■ **TASK**:
Reproduce the data below word for word, setting aside any picture it holds.

■ **GIVEN MATERIAL**:
****************

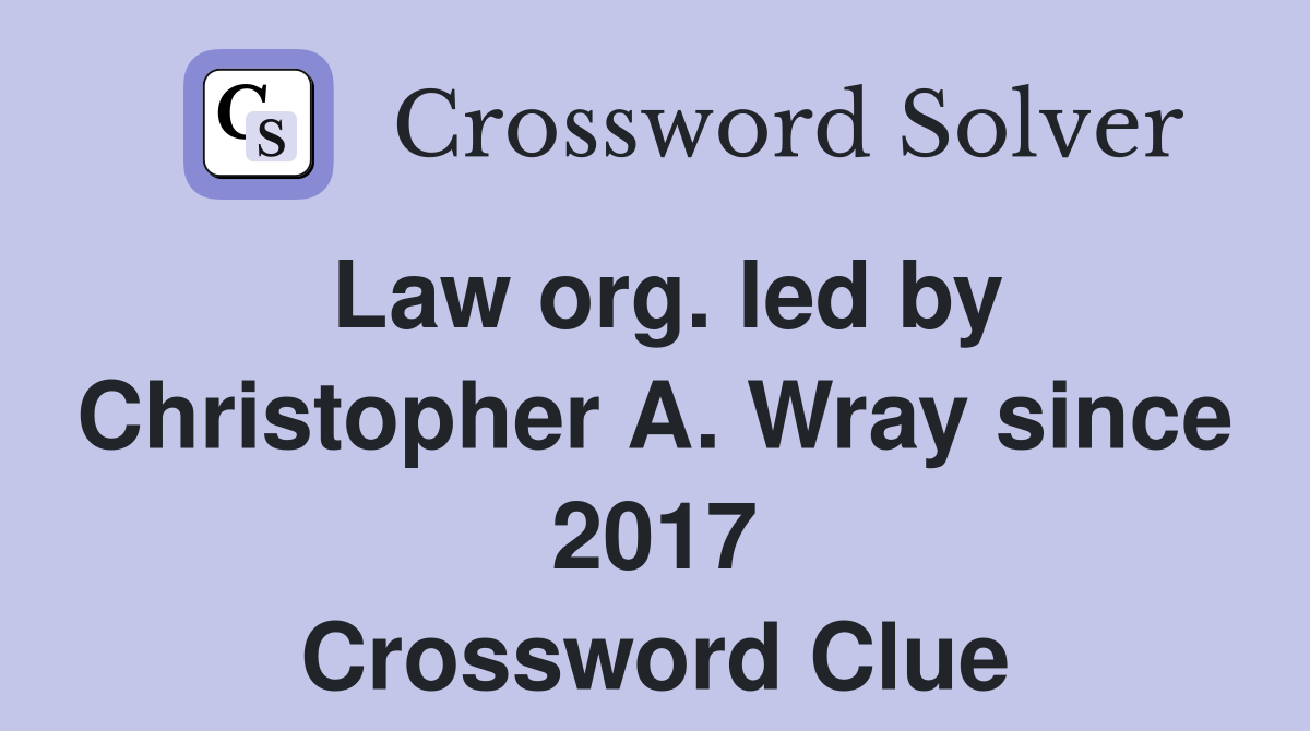 Law org led by Christopher A Wray since 2017 Crossword Clue Answers
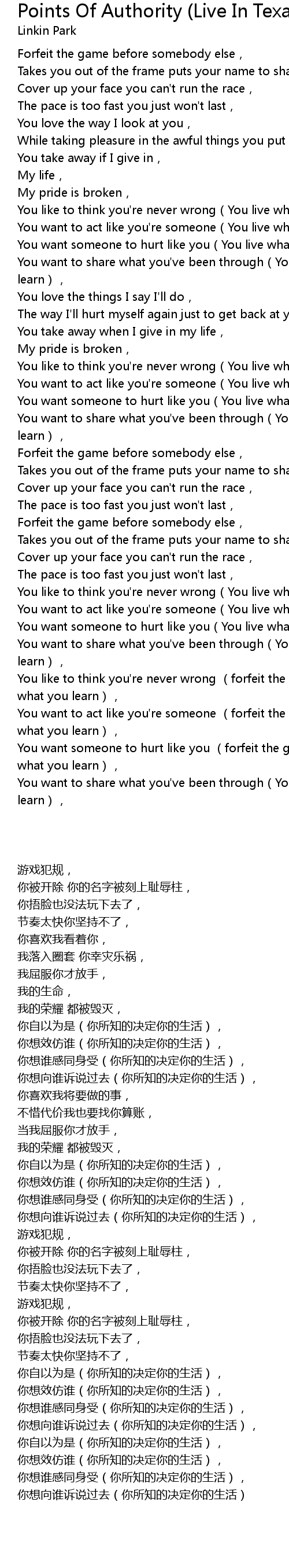 | [02:41.04] | You like to think you're never wrong (forfeit the game)(You live what you learn), |
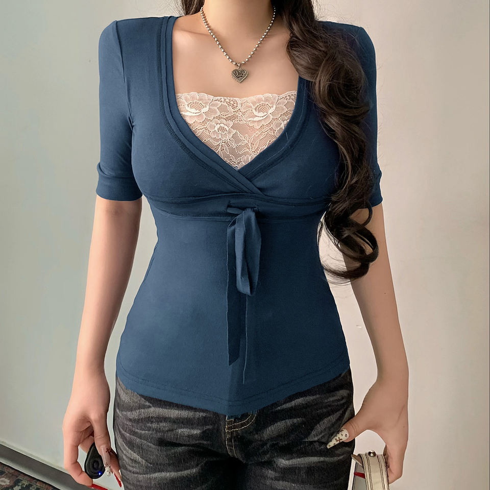 Camiseta de punto transpirable y ecológica de manga corta con encaje de color liso y patchwork floral para mujer, estilo chic, con lazo, minimalista y casual.

****************

■ **WRITTEN REPLY**:
 Law org led by Christopher A Wray since 2017 Crossword Clue Answers
 | [02:41.04] | You like to think you're never wrong (forfeit the game)(You live what you learn), |
 Camiseta de punto transpirable y ecológica de manga corta con encaje de color liso y patchwork floral para mujer, estilo chic, con lazo, minimalista y casual.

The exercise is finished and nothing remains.